Lincomycin can act on the 50S subunit of the sensitive ribosome to prevent the extension of the peptide chain, thereby inhibiting the protein synthesis of bacterial cells. Lincomycin belongs to the lincomycin antibiotics.
Lincomycin antibiotics include lincomycin and clindamycin. Its mechanism of action is similar to that of macrolides, and it can also irreversibly bind to the 50S subunit of the bacterial ribosome, inhibiting bacterial protein synthesis by blocking transpeptidation and mRNA displacement. The effect of the two drugs on gram-positive bacteria is similar to that of erythromycin. The antibacterial activity of clindamycin is 4 to 8 times stronger than that of lincomycin. They have inhibitory effects on some aerobic gram-negative cocci, Mycoplasma hominis and Chlamydia trachomatis, but enterococcus, gram-negative bacilli, methicillin-resistant Staphylococcus aureus (MRSA), and Mycoplasma pneumoniae are not sensitive to them.
As an antibiotic, it is mainly used to treat chronic respiratory diseases in chickens and infections caused by penicillin g resistant Staphylococcus aureus and Streptococcus. It can also promote the growth of chicken.
Lincomicina acts on the 50S subunit of the ribosome of sensitive bacteria to prevent the extension of the peptide chain, thereby inhibiting the protein synthesis of bacterial cells.
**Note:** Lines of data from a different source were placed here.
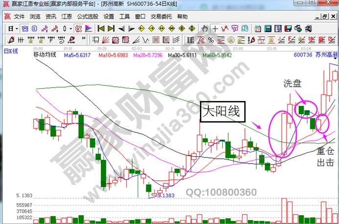 在大陽線第三天若個股仍下跌這時機會就在眼前了,應密切關注個股下跌的承接盤和下跌幅度,一般洗盤不會超過三天,有的兩天。再洗盤后發(fā)現(xiàn)個股小陽線盤升這時就可重倉買入,如下面的蘇州高新走勢圖。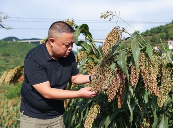 粮站管理人员段关伟在查看高粱长势,做好收购准备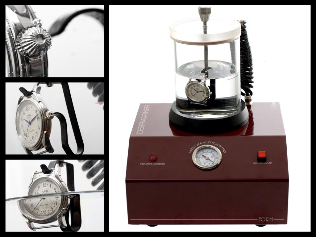 Abraham-Louis Breguet scriveva nel XIX secolo “datemi un grande olio e vi darò un grande orologio”. Oggi in questo campo l’impiego del silicio sta risolvendo molti problemi. Ma torniamo al nostro titolo che identifica un nuova macchina per testare l’impermeabilità della cassa. Mi piace il fai-da-te, ma non nell’orologeria dove troppi neo-appassionati si improvvisano orologiai e il minor danno causato è qualche segnaccio sulla cassa, non sempre facile da aprire. Però di fronte al Deep Mariner della Form faccio un’eccezione, sia per le dimensioni e il peso (5 Kg) sia per il prezzo abbastanza accessibile, soprattutto per qualche fanatico collezionista.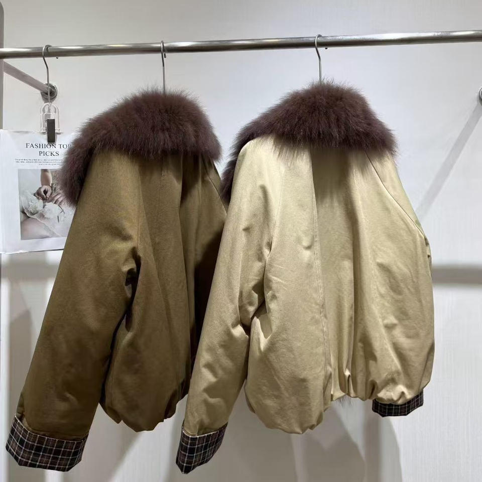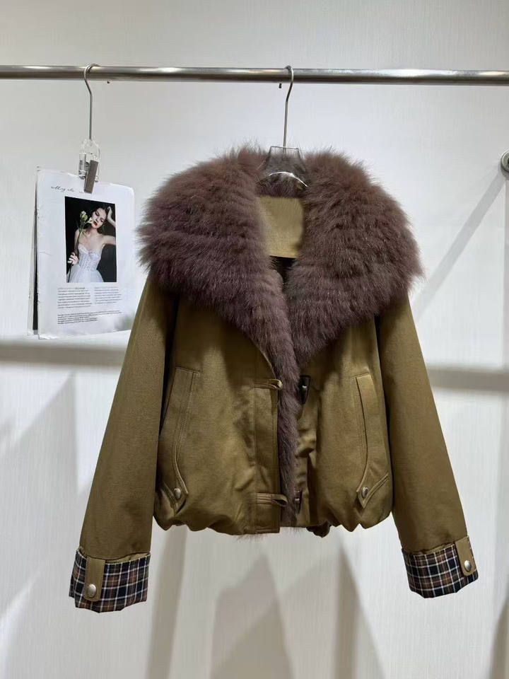 Nuovo Stile Moda Inverno 2025: Cappotto in Pelliccia di Coniglio con Interno in Piuma d'Oca per Donne, Parka Corto con Colletto Blu Navy, Giacca con Cerniera in Poliestere

Lincomicina is generally a bacteriostatic agent, but at high concentrations, it also has a bactericidal effect on highly sensitive bacteria.
It can be absorbed by the gastrointestinal tract, and is not inactivated by gastric acid. Only 20-30% is absorbed by oral administration on an empty stomach, and less absorbed when taken after eating. Except cerebrospinal fluid after absorption, it is widely and rapidly distributed in various body fluids and tissues, and high concentrations are seen in kidneys, bile and urine. The effective concentration can be reached in the eye after injection. Lincomicina can quickly enter the fetal circulation through the placenta, and the concentration in the fetal blood can reach 25% of the maternal blood concentration. The protein binding rate is 77 to 82%.
Lincomycin is mainly metabolized in the liver, some metabolites have antibacterial activity, and the metabolic rate of children is higher than that of adults. T1/2 is 4 to 5.4 hours. When renal function is decreased, T1/2 is 10 to 13 hours; when liver function is decreased, T1/2 is 9 hours. The time for the plasma concentration to reach the peak is 2 to 4 hours after oral administration, 0.5 hour after intramuscular injection. Lincomicina can be excreted through the kidneys, biliary tract and intestinal tract. After oral administration, 40% is excreted in feces in its original form, or it can be secreted into milk. Lincomycin is not cleared by blood or peritoneal dialysis, and no additional use is required after surgery.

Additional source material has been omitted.